The festival has had a similar effect, if not necessarily the same professional results, for thousands of students in its 50 years. The three-day event will host 400 student performances and about 100 workshops, clinics and concerts on the UI campus, which will host about 4,200 students from 133 different schools in the Northwest this year.

In its 50 years, the Lionel Hampton festival has hosted a number of huge names in jazz, including Ella Fitzgerald, Dizzy Gillespie and Sarah Vaughn, for concerts and workshops. This year's festivities include evening shows featuring Grammy-winning bass master Esperanza Spalding as well as New York Voices and René Marie.

Keefe recalls the evening concerts as some of the highlights of her experiences as a student at the festival.

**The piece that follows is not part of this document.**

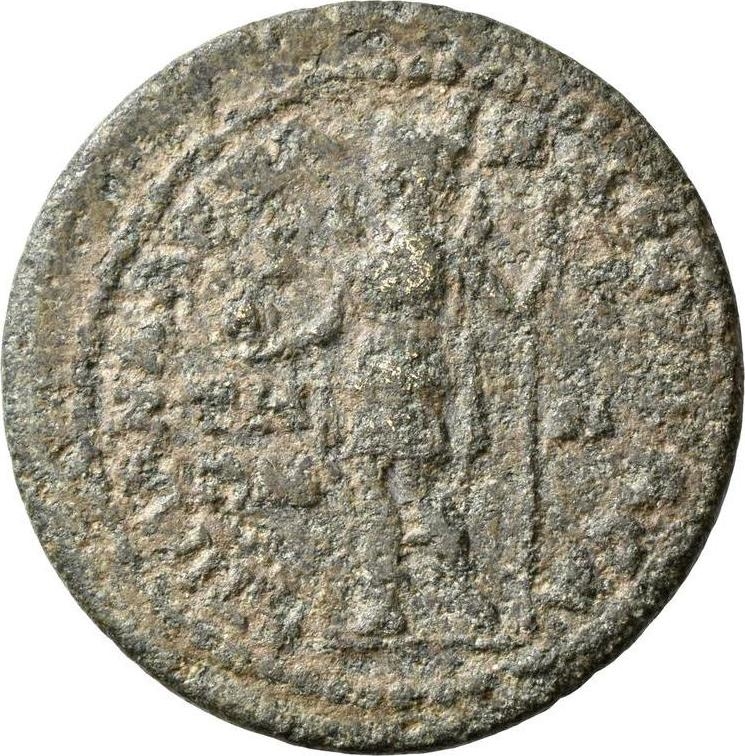 Mên standing, facing, head left, wearing Phrygian cap and crescent on shoulders, holding spear and pine cone |

"Seeing all these amazing vocalists and instrumentalists up there, just doing what they do best and having the best time ever" really left an impression, Keefe says. "I was like, 'Wow, someday, I hope I can do that.'"

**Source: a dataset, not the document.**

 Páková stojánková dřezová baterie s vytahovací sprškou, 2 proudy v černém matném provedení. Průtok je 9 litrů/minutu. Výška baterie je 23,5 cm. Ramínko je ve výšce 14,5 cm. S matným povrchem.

Those concerts, and interacting with musicians — the beginners like her, and the visiting professionals sharing their experience — gave Keefe the direction that led her to graduating with honors from the University of Miami's Frost School of Music, and later singing on the National Mall in Washington, D.C., at the National Museum of the American Indian (Keefe is a Nez Perce tribal member) as part of the Smithsonian's National Jazz Appreciation Month.

None of that, she says, would have been possible without that first trip to this festival.

"It inspired me," Keefe says. "It wasn't some far-fetched dream at Lionel Hampton. It was something that was attainable if you worked hard enough. It can happen." ♦

Lionel Hampton Jazz Festival • Thu, Feb. 23-Sat, Feb. 25 • $22-$45 per session/$15-$25 students • ASUI-Kibbie Activity Center • 711 S. Rayburn St. • uidaho.edu/class/jazzfest • 208-885-5900


THE THREE EVENING CONCERTS

Thu, Feb. 23, 7:30 pm

Topping the bill is René Marie, whose most recent recording Sound of Red landed her a 2017 Grammy nomination for Best Jazz Vocal Album. Also Thursday, Brazilian trumpet master Claudio Roditi will perform with students from the University of Idaho's Lionel Hampton School of Music's jazz choirs and bands.

Fri, Feb. 24, 7:30 pm

The night features a celebration of Lionel Hampton's years spent playing with Benny Goodman. First up, clarinetist Felix Peikli and vibraphonist Joe Doubleday will perform a piece in the 1930s style of the Benny Goodman Quartet. Clarinetist Anat Cohen and vibraphonist Stefon Harris will then tackle the same piece of music, but in a contemporary jazz style. New York Voices closes down the night with their intricate harmonies.

Sat, Feb. 25, 7:30 pm

The Lionel Hampton Jazz Festival Big Band gets things started, and they'll be joined by vibraphonist Jason Marsalis and vocalist Julia Keefe, a Spokane resident who was a student participant and contest winner at the festival a decade ago. Closing it down in style is Grammy-winning bassist Esperanza Spalding, a woman who blends jazz and funk, pop and classical into a sound uniquely her own.